It is well known that the coil resistance generally increases as the frequency increases due to the skin effect [16]. Therefore, a coil design with a low amount of loss, which also helps to increase Q, is important [16]. Thus, the coil design for improved WPT efficiency should be built upon to minimize the skin effects. The estimation of skin depth due to the effects will be discussed later. The power transfer efficiency is a function of the passive circuit parameters and operating frequency, and the power transfer efficiency is generally maximized at the resonance frequency [16]. To select an appropriate frequency, a correlation analysis was performed with respect to the variations in the frequency, coil size, coil shape, and the optimum frequency study with minimum EMF [9]. We studied the use of other devices in the selected frequency band and occupation relationship of the frequency spectrum. Then, we determined the efficiency of the active power conversion circuit according to the selected frequency. Through this process, we can select the optimum frequency according to the amount of power generation in our devices.

An active shielding technique was also employed by using the RLCS canceller by following the three steps below [16]. First, a study of the generation type of the anti B-field and form control technology according to the loop shapes was performed, and a beamforming study was then conducted using the loop array. This allowed us to draw an optimal layout. Second, using a controllable capacitor array, the loop impedance was controlled and the optimum impedance values were determined. Finally, we studied adaptive RLCS to dampen the EMF with feedback in real-time by measuring the EMF. This method is described at some length in [21,22].

The EMI minimization technology was also employed through the power circuit application and analysis of the spread spectrum technique [24]. By using the spread spectrum technique, the EMI can be reduced significantly [9].
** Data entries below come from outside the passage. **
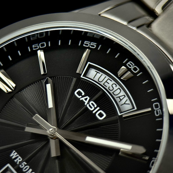Циферблат містить стрілки, індикатори годин, хвилин та секунд, а люмінесцентна підсвітка забезпечує зручність використання у темряві. Casio MTP-1381D-1A — це не просто годинник, а вірний партнер у кожній справі.
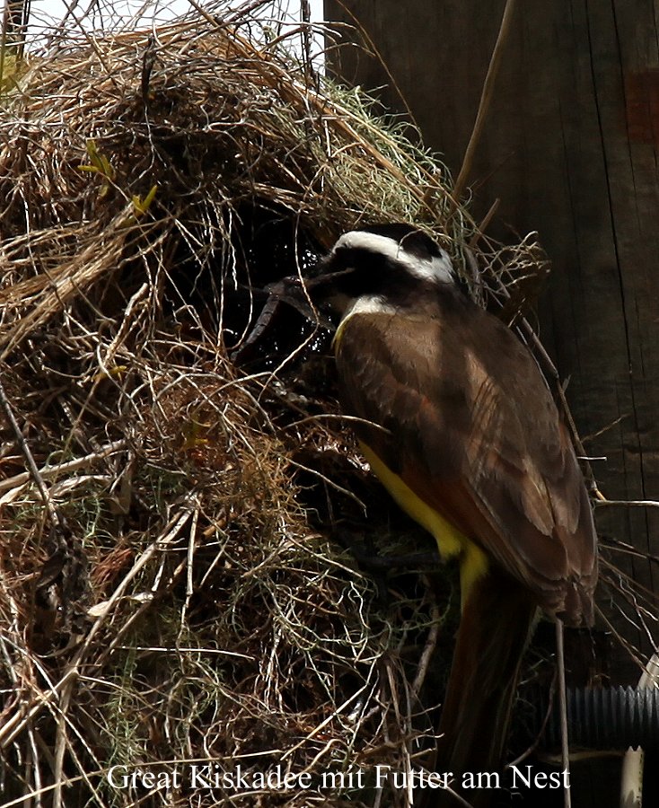 Ein Great Kiskadee hatte eine Libelle gefangen und flog damit zu seinem Nest an einem Strommast um seine Jungen zu füttern. Immer wieder flatterten auch farbenprächtige Schmetterlinge durch die Blumenwiesen. |
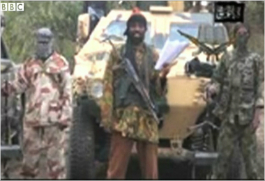 나이지리아 여학생 납치했다고 밝히는 보코하람의 지도자 아부바카르 셰카우(사진=BBC 뉴스화면 캡쳐)
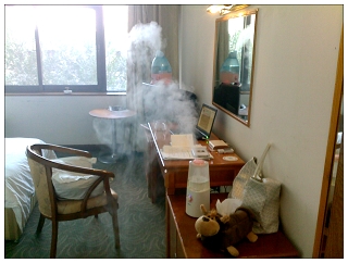 「ほ~い、何でしょう??」なんてすっとぼけてドアを開けると、鈴木の部屋の前を通りかかってドアの下からモクモクと白い煙は出てるわ、なんだか燃えている香りがするわで何事かとびっくりしたスタッフが立っていた。
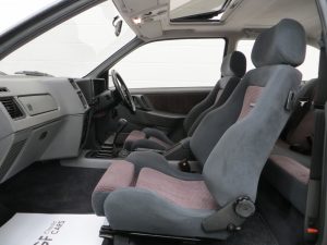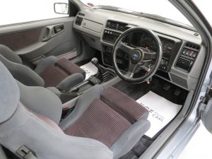 The iconic styling of the Sierra RS Cosworth is instantly recognisable and a real barnstormer. Finished in optional Ford Moonstone Blue, (Code K6), the uniform paintwork is tremendous and displays the correct orange peel finish throughout. All panels are factory original with correct ’86 year date stampings and seam welds to the front wings with the tiny Ford logos visible to those who know where to look. The exterior trim is in excellent order and the front lower rubber splitter, often distorted, retaining correct shape. The glass displays the original number and dots dated Securit etchings, and accuracy seekers will be pleased to see the original Cibie headlamps. The glass is number plate etched and the front screen has delaminated slighted to the lower bottom edge. Supplying Ford dealer number plates and rear screen sticker remain fitted. A truly sensational car commensurate with the incredibly pampered care and true to the original Ford SVE Department design.
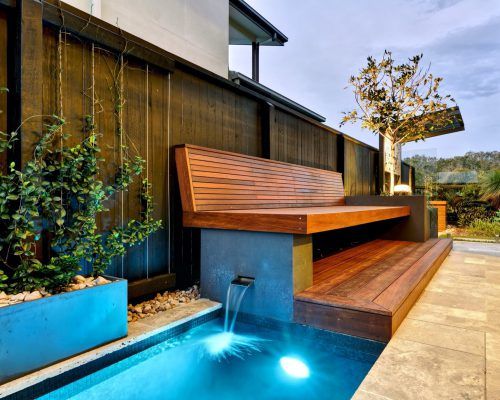 The feature entry for this home incorporates wamberal stone clad curved bench seating around a firepit with surrounding blue stone steppers interspersed with zoysia no mow grass. The noise of water running over the sandstone feature into the large pond takes you away to another place.
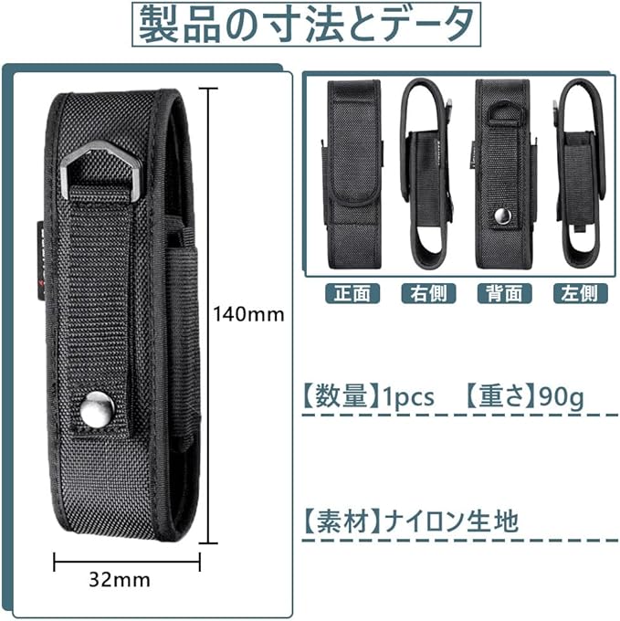 【商品サイズ】 全長140mm、幅32mm 、重量は90gです。コンパクトで、腰に取り付けても邪魔になりません。
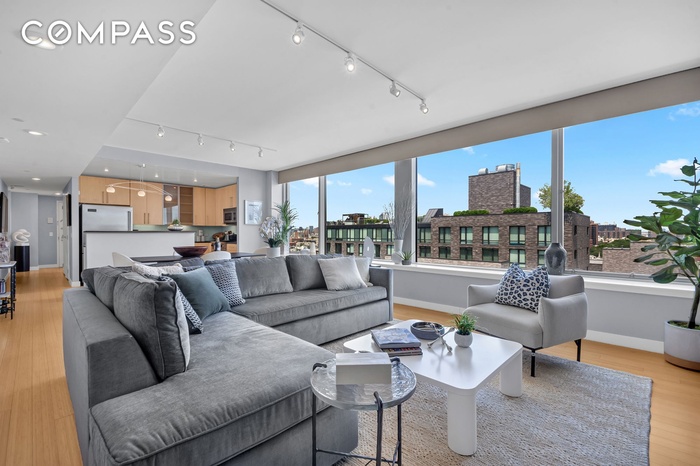 Rarely available, spectacular, almost 1500 sq ft 3 bed/2. The apt features two oversized bedrooms with a third which can be used as office/bedroom complete with a murphy bed. This is a premium corner Penthouse with sunny and bright N/S exposure and over-sized floor to ceiling windows throughout the entire living room. The en-suite master bedroom has a marble bathroom with separate glass shower stall, deep soaking bathtub + an abundance of cabinets and vanity storage. The huge gourmet kitchen comes with Stainless Steel Viking appliances, including dishwasher, built-in microwave, and opens to the loft-like spacious dining area and living room. In addition, there is a in unit Bosch W/D and custom-fitted closets. The Kalahari condo is conveniently located just a few blocks from Central Park and Marcus Garvey Park, with express 2/3 trains on the corner, B/C/6 trains and major bus routes a short distance away.
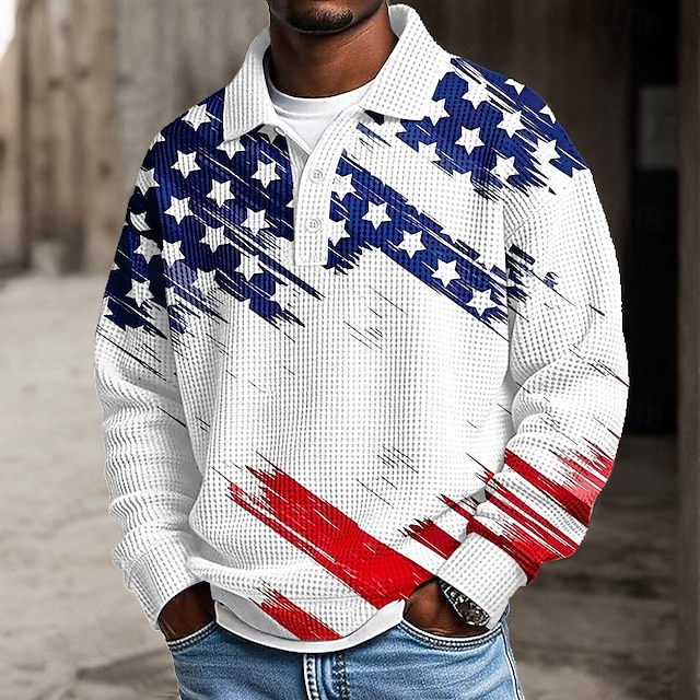 Stoff:100% Polyester,Geschlecht:Herren,Oberteil Typ:Textur,Polo,Design:3D-Druck,Anlass:Athleisure,Alltagskleidung,Stil:Lässig,Druckart:3D-Druck,Festival:4. Juli 2026 250.,Ausschnitt:Revers,Ärmellänge:Langarm,Elastizität:Mikroelastisch,Pflegetipps:Maschinenwäsche,Muster:Amerikanische US-Flagge,Saison:Winter,Herbst,Frühling,
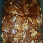 2. Mix all the marinade ingredients and then add the strips of pork. Marinate for a minimum of 4 hours (preferably overnight).
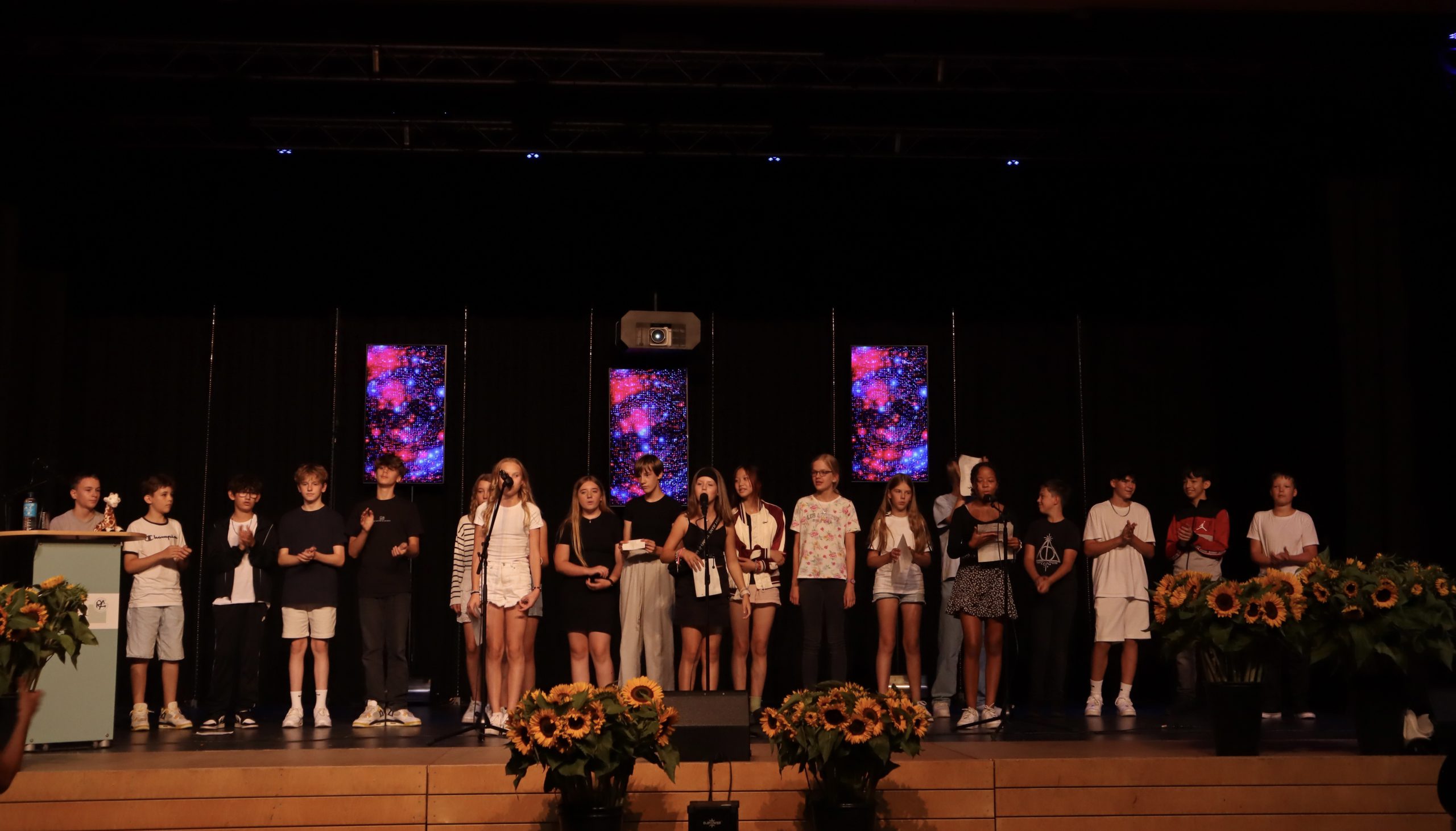 Eine Gruppe von Kindern und Jugendlichen steht auf einer Bühne und bildet mit ihren Händen einen Bogen. Einige Personen tragen weiße T-Shirts, während andere bunte Kleidung tragen. Im Vordergrund stehen Sonnenblumen in Töpfen. Die Szene vermittelt eine festliche Atmosphäre, möglicherweise im Rahmen einer Aufführung oder Feier. Eine Gruppe von Kindern sitzt auf einer Bühne. Im Vordergrund stehen fünf Kinder, die auf einen anderen Jungen oder ein Mädchen schauen, das in einem weißen T-Shirt steht und spricht. Im Hintergrund sitzen weitere Kinder. Vor der Bühne sind große Blumenarrangements mit Sonnenblumen platziert. Der Bühnenhintergrund ist dunkel. Eine Gruppe von Schülerinnen und Schülern steht auf einer Bühne. Sie tragen verschiedene Kleidungsstile, darunter T-Shirts und Shorts. Im Hintergrund sind dekorative Elemente und bunte Lichteffekte zu sehen. Auf der Bühne sind auch große Blumenarrangements platziert. Die Szene vermittelt eine festliche Atmosphäre, möglicherweise während einer Aufführung oder Feier. Gruppe von Kindern in verschiedenen Outfits auf einer Bühne, die sich in Bewegung befinden. Im Vordergrund sind Sonnenblumenarrangements zu sehen, während der Hintergrund dunkel ist.
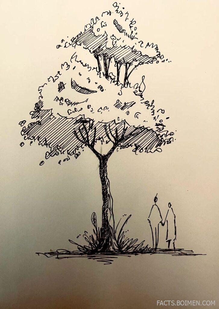 There’s an emotional purity in simplicity. The two figures beneath the tree in this sketch, for example, convey connection and peace. The lines may be rough and minimal, but they carry weight. The tree’s upward reach symbolizes growth, stability, and life, while the figures represent companionship and shared existence.
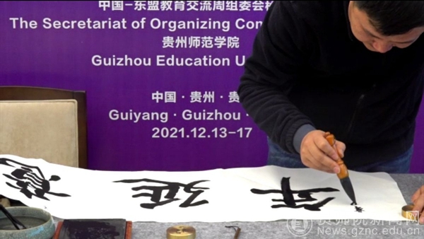 当日下午,文学与传媒学院副教授谢安辉向学员们展示了中国国粹艺术——《翰墨飘香——中国书法艺术赏析》。他从书法的工具——笔墨纸砚讲起,接着介绍了几种经典书体,通过展示历代大家的传世作品,领着学员们共同赏析了中国书法艺术。而后,有备而来的谢安辉现场铺纸执笔,挥毫泼墨,为本场活动题写了五幅不同书体的墨宝。他表示,之所以选择书写“美意延年”这一成语,意在将美好的期盼送给各位学员。本阶段课程由YABO鸭脖对外交流合作处万艺林主持。
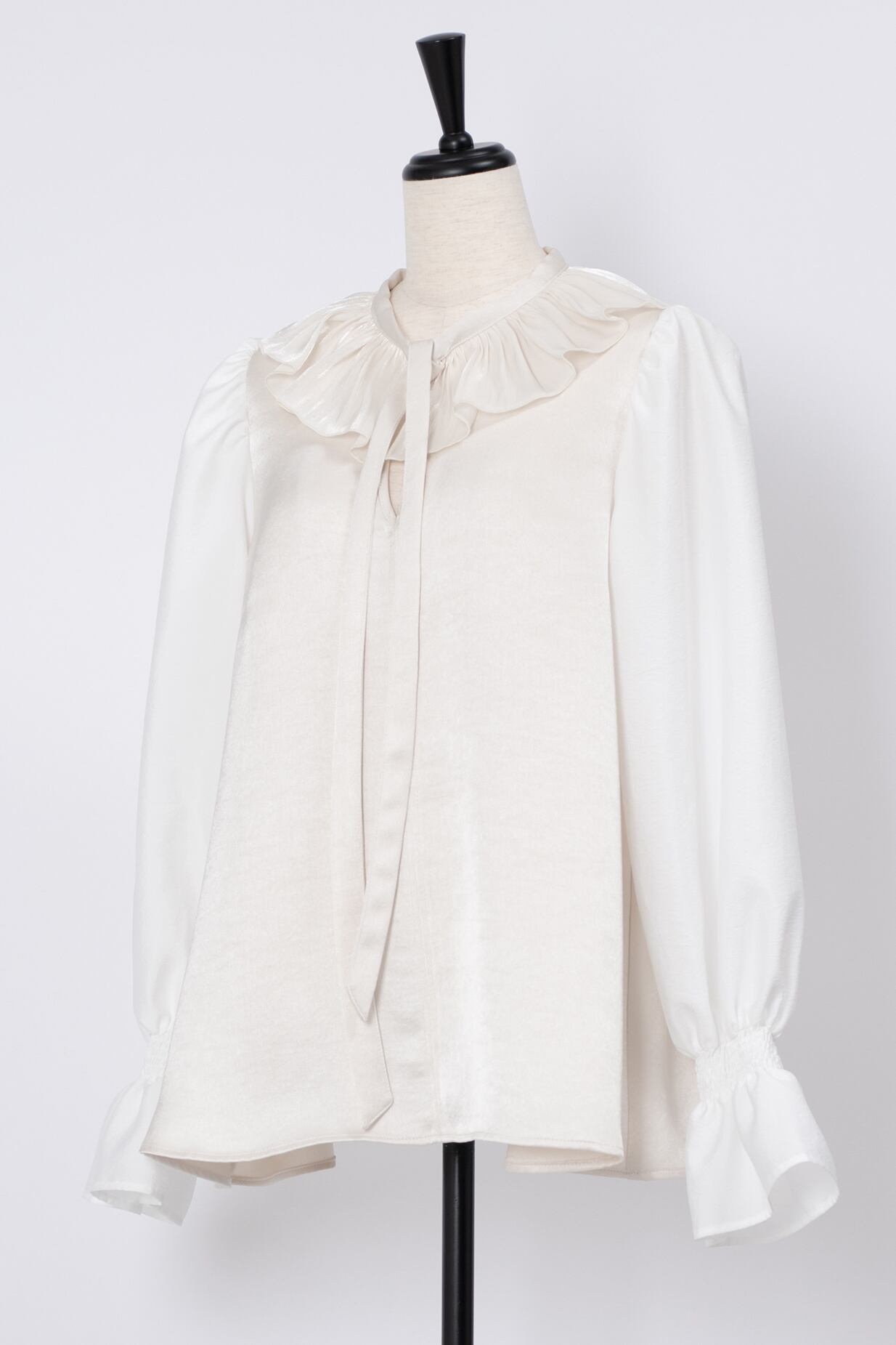 ネックラインのフリルと、フロントのリボンがフェミニンさを薫らせるブラウス。
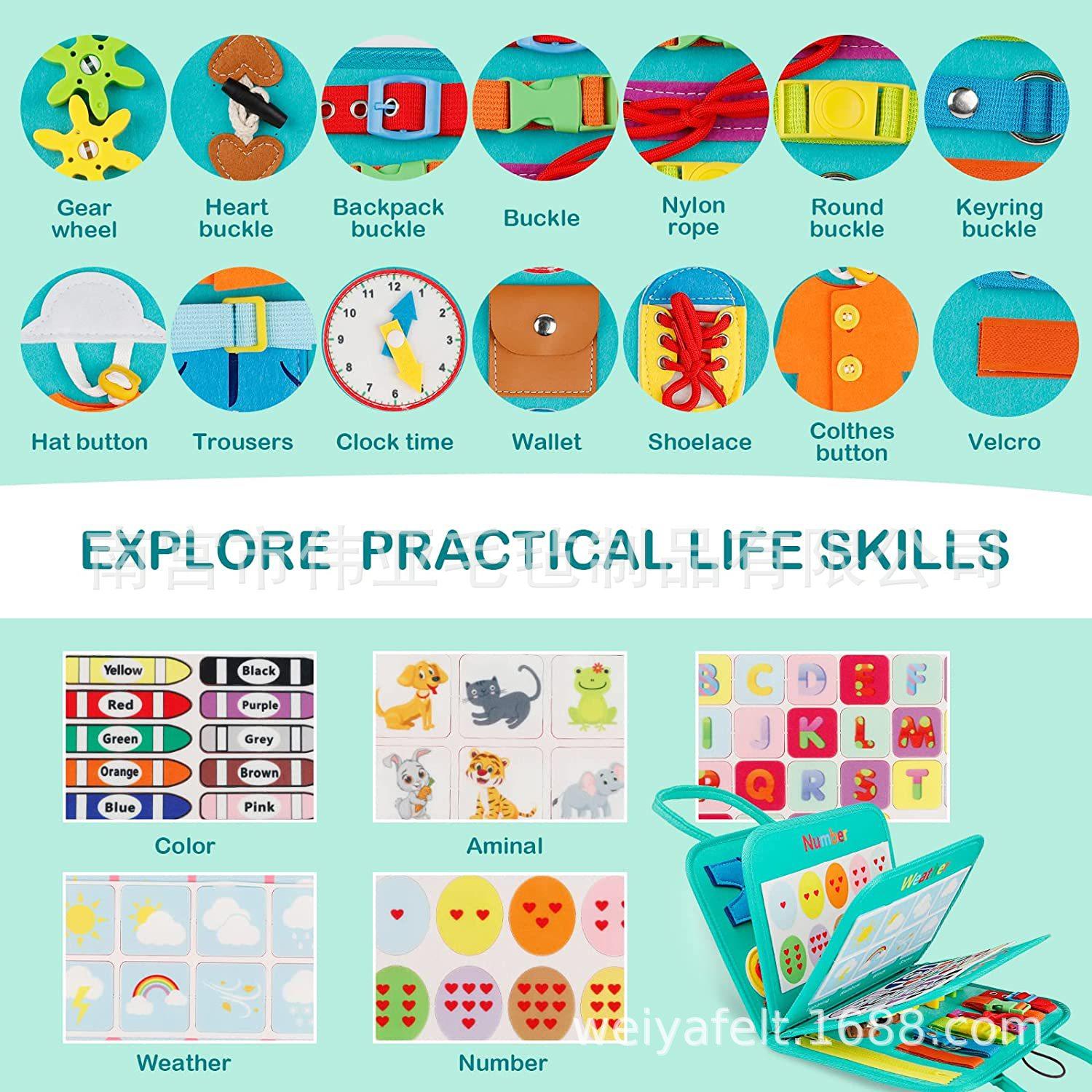 Tablero sensorial de fieltro oferta certificado CE CPC UKCA Montessori Juguetes para la primera infancia al por mayor Tablero de aprendizaje

In addition, to optimize the range of frequency control, we controlled the frequency of the transmission side. In addition, we used the spread spectrum implementation technique using the delay cell array and the programmable digital interface study. As a detailed discussion of the design processes described in this section is covered in [21,22], we just introduce the results of the implemented design in this study.

3. Thermal Analysis and Pickup Module Fabrication

3.1. Thermal Analysis

Litz wire is made up of multiple strands of multiple wires where a piece of string of copper has a diameter of 0.32 mm, and there are 45 pcs in 12 strands (see Figure 1a).

As discussed in [26], serious power loss such as proximity effects can occur as turns of wiring increase in the system. Therefore, a single-turn cable is employed in this study, and as a result, we can neglect the power loss safely and propose a simple approach described below to estimate the skin depth caused by the skin effects in the cable. To estimate the heat generation owing to an electric field in a wire, the skin depth [16,25] should be estimated. It is evident that the heat generation increases when the coil resistance increases, and therefore, the coil resistance has to be minimized by employing conductors of appropriate shapes and cross-sections. The conductor resistance is increased due to the skin effect, which distributes the current primarily on the surface of the conductor instead of uniformly over the cross-section [15]. As a piece of string of copper has a diameter of d = 0.32 mm and there are 540 pcs (45 pcs × 12 strands; see Figure 1a), the overall area of the cable (A) is given by A = πd²/4 × 540 pcs. Therefore, the effective radius (r_e) was obtained to be r_e = 3.7181 mm from A = πr_e². The skin depth (δ) in the cable is caused by the skin effect. Here, δ depends on the frequency of the current, as well as the electrical and magnetic properties of the conductor, as follows [15],

$$\delta =\sqrt{\frac{2}{\omega \sigma \mu }}$$

(1)

where ω is the angular frequency of current (ω = 2πf with frequency f = 20 kHz), σ is the conductivity (σ = 5.8 × 10⁷ S/m for Cu), and μ is the permeability (μ = 1.2566 × 10⁻⁶ H/m for Cu). From the above relation, the skin depth was obtained as δ = 0.4673 mm. In order to verify the estimated skin depth, thermal analysis was conducted by establishing a model for the heat generation including the skin depth. The heat generation through a wire section made of copper in a duct is described in Figure 1a. The heat generation per length ($q^{\prime }$) can be expressed as follows [27],

$$q^{\prime }=I^2\frac{R}{L}$$

(2)

where R/L can be written as R/L = ρ/A_eff from the relationship of R = ρL/A_eff. Here, I is the current (in this study, I = 125 A with an RMS value of a 20 kHz sine wave), R is the resistance, L is the duct length (L = 0.3 m), ρ is the copper resistivity (ρ = 1.68 × 10⁻⁸ Ω∙m), and A_eff is the effective area of the copper wire (refer to Figure 2b). To determine A_eff of the copper cable, effective links between δ and r_e need to be established, as depicted in Figure 2b. A_eff is easily calculated directly by A_eff = π [r_e² − (r_e − δ)²]. Using previously obtained δ and r_e and from Equation (2), the volumetric heat generation ($q^{″}$) is written as follows,

$$q^{″}=\frac{q^{\prime }}{A_{\mathrm{duct}}}$$

(3)

where A_duct is the duct cross-sectional area (i.e., A_duct = H×W; the rectangular cavity has internal dimensions of height H = 18.8 mm and width W = 35.5 mm, as represented in [23]). As a result, we obtained $q^{‴}$ = 38,674 W/m³ for I = 125 A.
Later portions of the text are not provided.